1. "All applicable taxes, license and fees are the responsibility of the winner based on the retail value of the prize. Federal law requires the deposit of 25% of such value to be applied toward the winner’s tax liability before the prize can be released." Thus, assuming a value of $120,000.00, the winner has to come up with $30,000.00 to obtain the release of the car from the VCA. Then the winner would have to pay any applicable sales tax, titling fees and registration fees separately. The $30,000 dollars is not the total tax. It would depend on the tax bracket of the winner. Assuming maximum bracket, the federal income tax could be as much as $42,000.00. If someone had no other taxable income ( For instance they are living on non AMT municipal bond income ), the $120K would be taxed at a lower rate. Of course this does not count any additional state or local income other tangible personal property taxes that might apply.

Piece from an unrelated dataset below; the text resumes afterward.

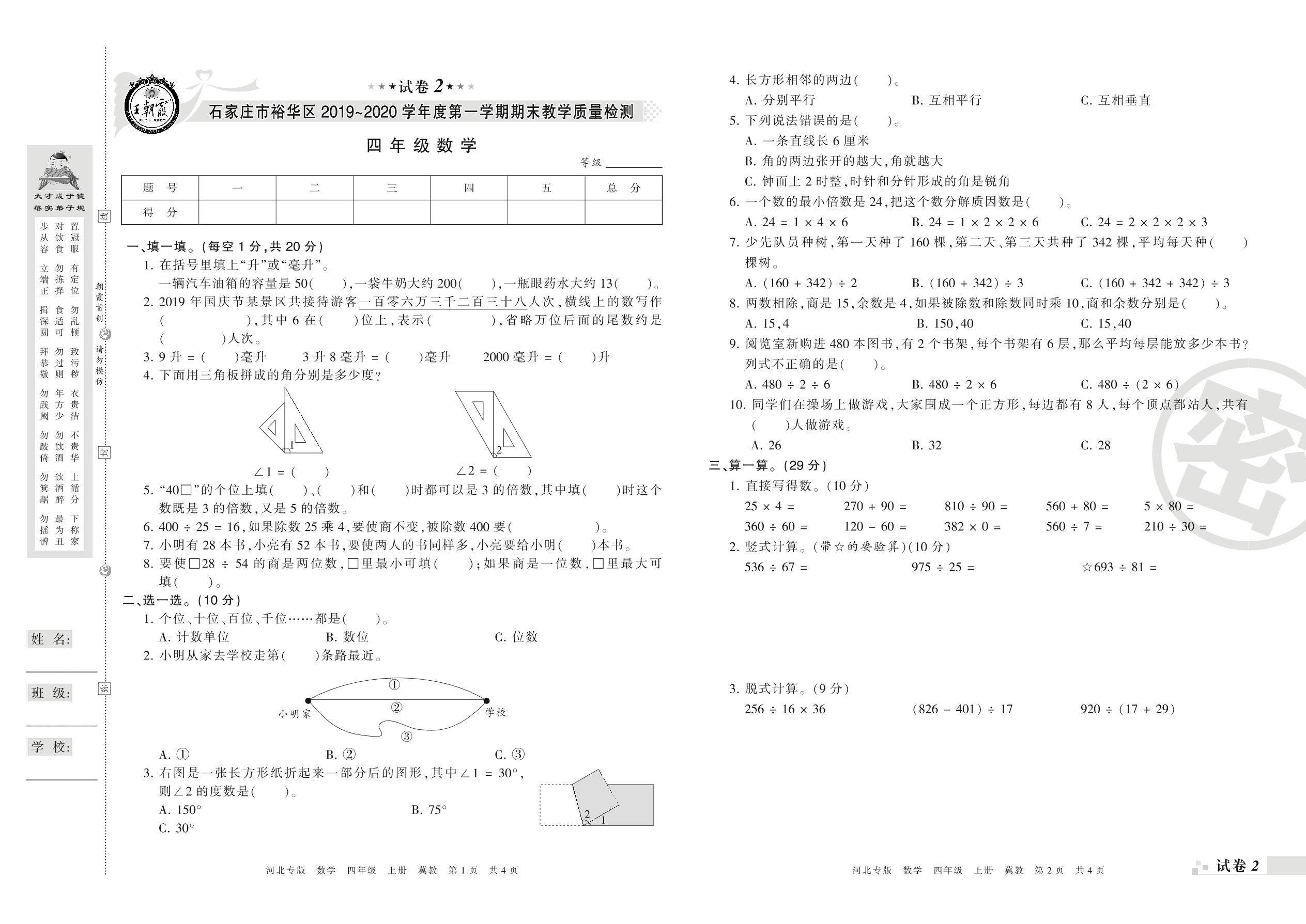 2019-2020学年第一学期石家庄市裕华区四年级数学试卷(冀教版)【2】

2. As to Canada, the road to the answer is a little complicated. There is a US/Canadian income tax treaty. It contains a provision to avoid double taxation. An analysis would need to be done to determine whether a raffle prize win is covered by the treaty. Also, although the income ( raffle prize ) is US source income, it is not periodic and you are not engaged in a trade or business in the US by buying raffle tickets, so a little analysis would need to be done to see whether it is properly taxable in the US. Assuming that it is, you should receive a foreign tax credit against any Canadian tax due on the win, if any, for any US taxes paid.. ( I am assuming that the FMV of the prize from an extraterritorial ( US ) raffle win is taxable in Canada. I am also assuming that Canada has a foreign tax credit similar to that found in the Internal Revenue Code. You should check with your Canadian accountant for the precise and correct answers.) Lastly, Assuming the treaty applies to a raffle win, you would analyze the situation under the treaty to see if the result improves. I know, before you say it, the complexity seems ridiculous but the concept of national sovereignty and the meshing of two different and independent tax systems leads to the complexity.

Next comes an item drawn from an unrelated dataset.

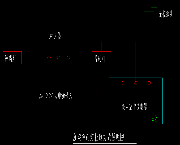 說明:1.采用中光強紅色聯(lián)閃航空障礙燈12盞,聯(lián)閃集中控制器1套:

3. The bottom line is that if someone does not have at least $35,000.00 or so laying around doing nothing plus the cost of the raffle tickets, they should probably stay out of the raffle. It is a fantastic vehicle. Thank goodness the folks at ASC did not have a clue as to how to market it. If they had posted it in our classified section, it would have probably been gone in a couple of days. If they had, in addition, moderator permitting, posted it in both the GTS and SRT forums with a minimum bid, a bidding war would have probably immediately commenced. Their loss, the VCA's gain.